Alternatively to calculating sample-specific weights to assign samples a higher importance during training, we propose to perform upsampling prior to the training of the forest. In particular, we suggest upsampling the minority class by random drawing with replacement from the set of sensitive samples until the number of samples from the minority and majority class is equal. We call this method upsampling. We also investigated an upsampling scheme, which we call proportional upsampling, where we consider the distance from the threshold t to determine how often a sensitive sample should be duplicated. To this end, we calculate the linear sample-specific weights (see Eq. 9) for the sensitive cell lines. Then we multiply these weights by 2 such that they sum up to 1. For each sample, this value then reflects the percentage of importance. We then determine the desired number of copies by multiplying this importance with the total number of resistant samples.

Finally, we suggest alternative tree weighting schemes to the binary one by Rahman et al. to improve the performance of our method. To this end, we attach the class assignments to the training samples in the leaf nodes and determine the mode of class assignments per leaf as described above. Thus, each tree can predict a class depending on the reached leaf, and the majority vote over all tree predictions is considered the class prediction. Based on this prediction, the trees obtain weights.

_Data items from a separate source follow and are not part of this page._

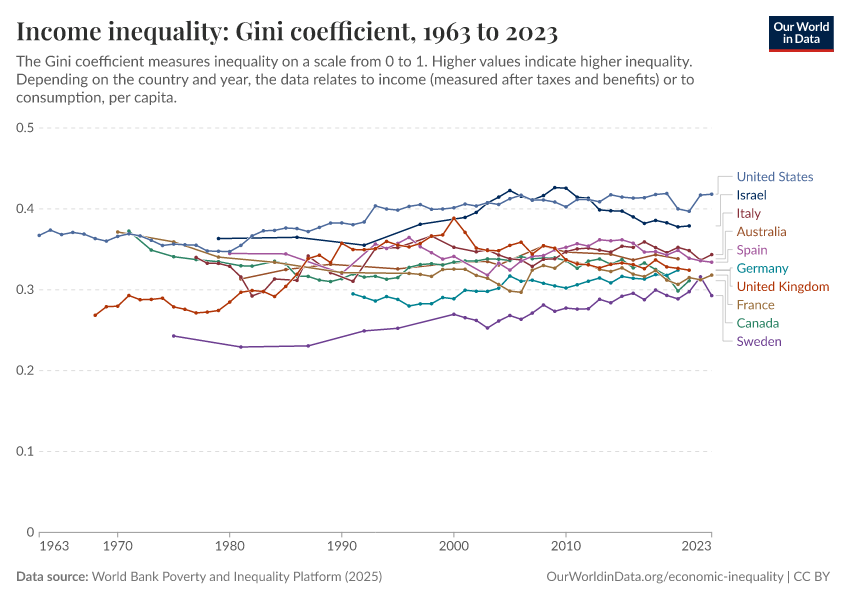 World Bank Poverty and Inequality Platform (2025) – with major processing by Our World in Data. “Income inequality: Gini coefficient – World Bank” [dataset]. World Bank Poverty and Inequality Platform, “World Bank Poverty and Inequality Platform (PIP) 20250930_2021, 20250930_2017” [original data]. Retrieved March 2, 2026 from https://data-wdi-depsupdate.owid.pages.dev:8789/20260127-114142/grapher/economic-inequality-gini-index.html (archived on January 27, 2026).
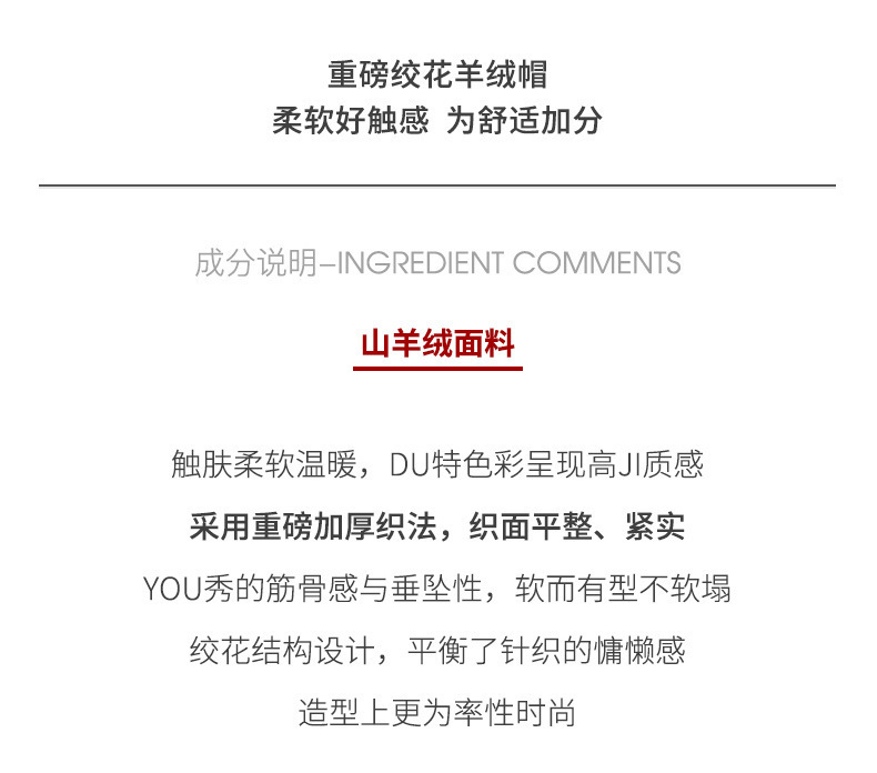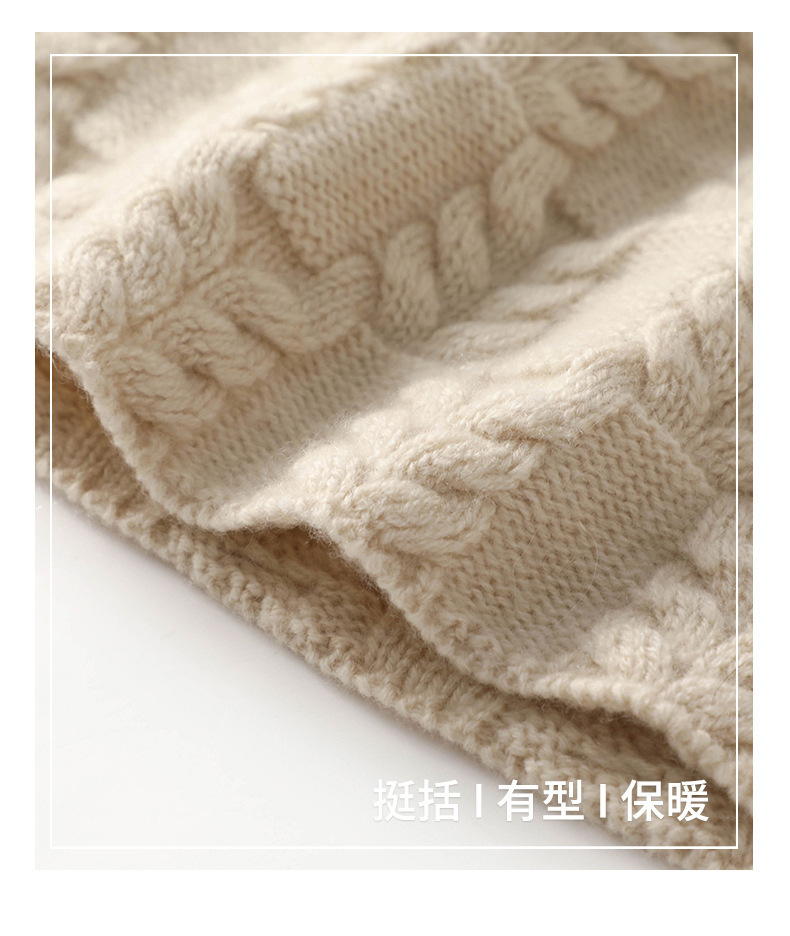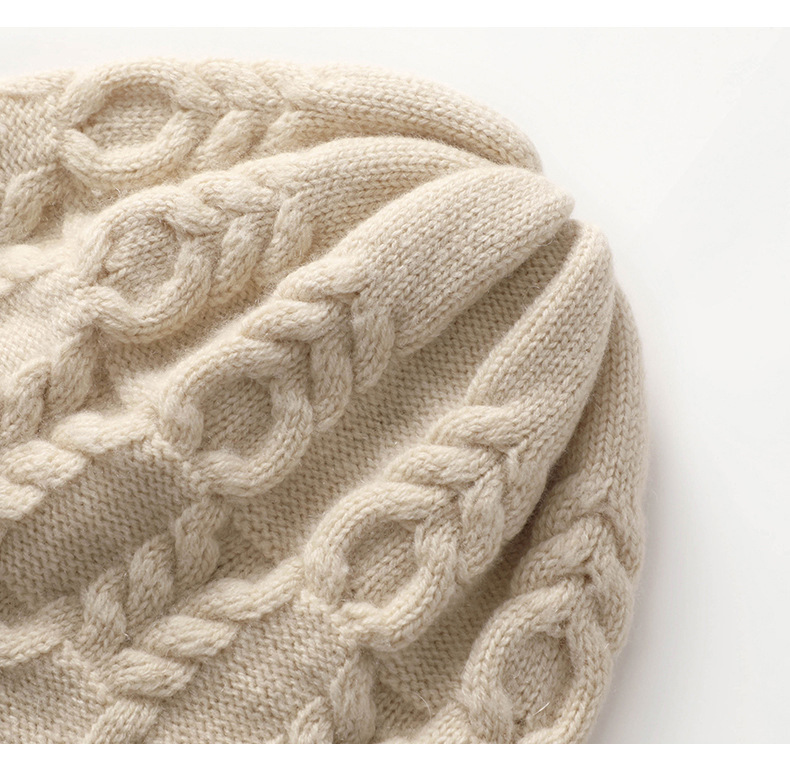 绞花设计感女士加厚山羊绒帽子纯色休闲护耳帽时尚百搭针织渔夫帽
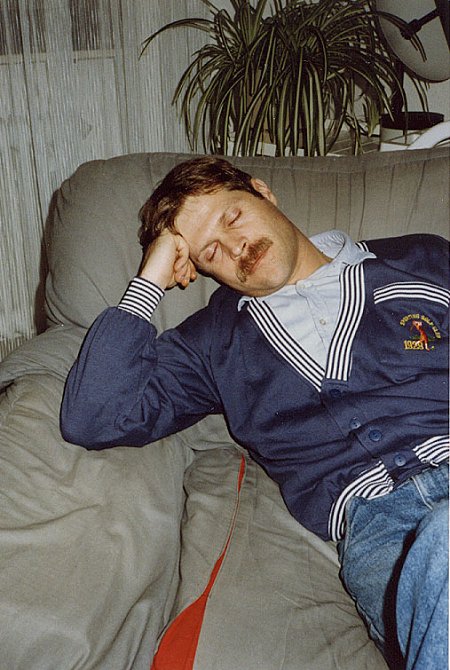 - Claude Ross catches a few ZZZZs in the Dunn's living room - 1988.
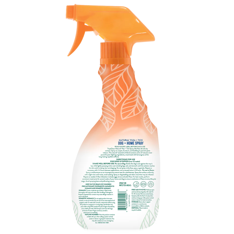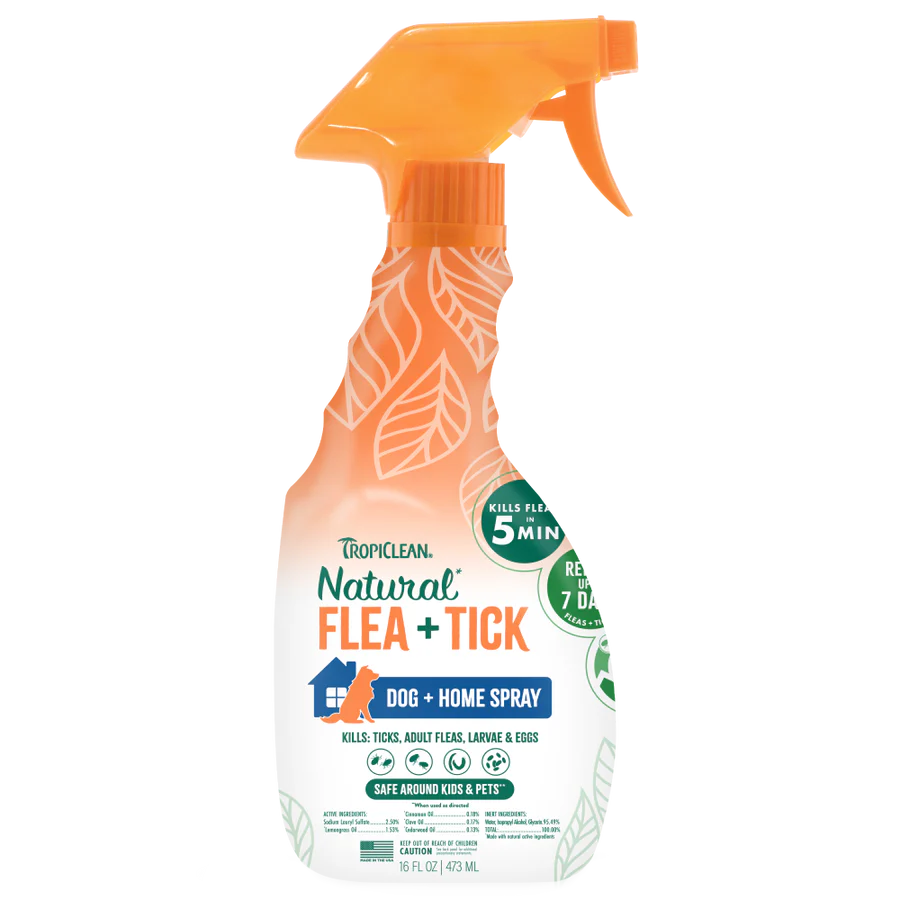 No content found.תרסיס Tropiclean קוטל פרעושים וקרציות טבעי, מכיל למון גראס ושמן שומשום.
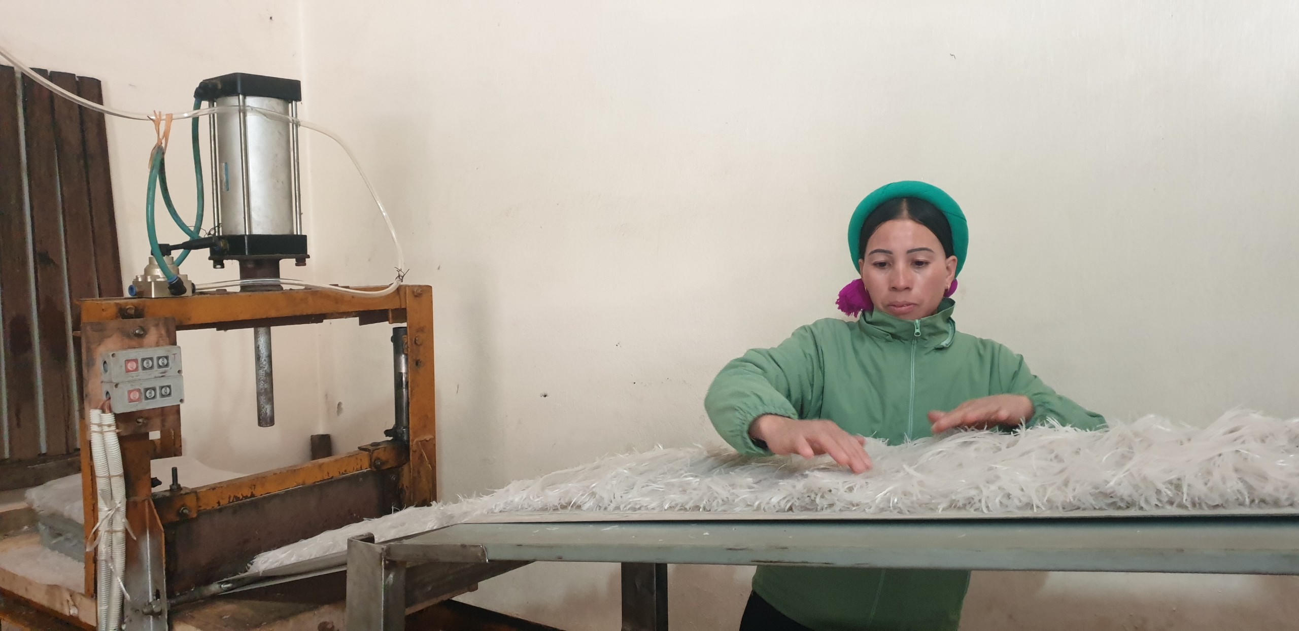 Sau khi cắt sợi, miến dong sẽ được phơi tiếp một đến hai nắng tuỳ thời tiết. Ảnh: Quang Hà |
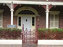 Loder House is an 1834 two storey brick Georgian townhouse with attic and later Victorian two storey timber verandah with cast iron lacework balustrades and verandah brackets.[2]
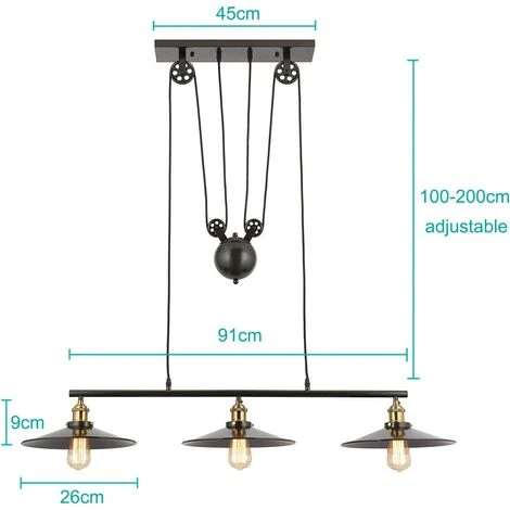 La suspension au design élégant et rétro dotée d’un système pully et de 3 abat-jours génère un style unique pour votre maison, idéale pour la décoration de style moderne et vinatge.
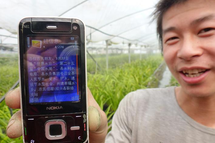圖為農(nóng)民朋友正在查看通過“農(nóng)民信箱”發(fā)送過來(lái)的節(jié)水知識(shí)短信

For the tree weighting scheme referred to as binary sensitive (binary sens.), we use the HARF weights (c.f. Eq. 7) for the samples predicted to be sensitive, while we use the usual random forest prediction, i.e., tree weight \(\frac{1}{B}\), for the samples predicted to be resistant. For the tree weighting scheme called majority tree weighting, we determine for each leaf the weighted fraction of samples that agree with the class prediction of the forest. For a particular tree, we use this fraction in the reached leaf normalized by the sum over all fractions as tree weight. Let \(I_n(x')\) be an indicator function that is 1 if the class of sample n is equal to the overall majority of trees and 0 if not. Let \(\mu\) be the reached leaf node of tree b. With the fraction given by

$$\begin{aligned} \text {frac}_{b} (x') = \frac{\sum _{\forall n \in \delta (\mu )} I_n(x') \cdot w_n^{*}}{ \sum _{\forall n \in \delta (\mu )} w_n^{*}} \end{aligned}$$
(13)

the tree-specific weight is given as

$$\begin{aligned} w_{b} (x') = \frac{\text {frac}_{b}}{ \sum _{\beta =1}^{B} \text {frac}_{\beta }(x')}. \end{aligned}$$
(14)

Finally, we also used a tree weighting scheme, which we call majority sensitive (majority sens.), where we employ this weight for the sensitive samples and the usual RF weight \(\frac{1}{B}\) for the resistant samples.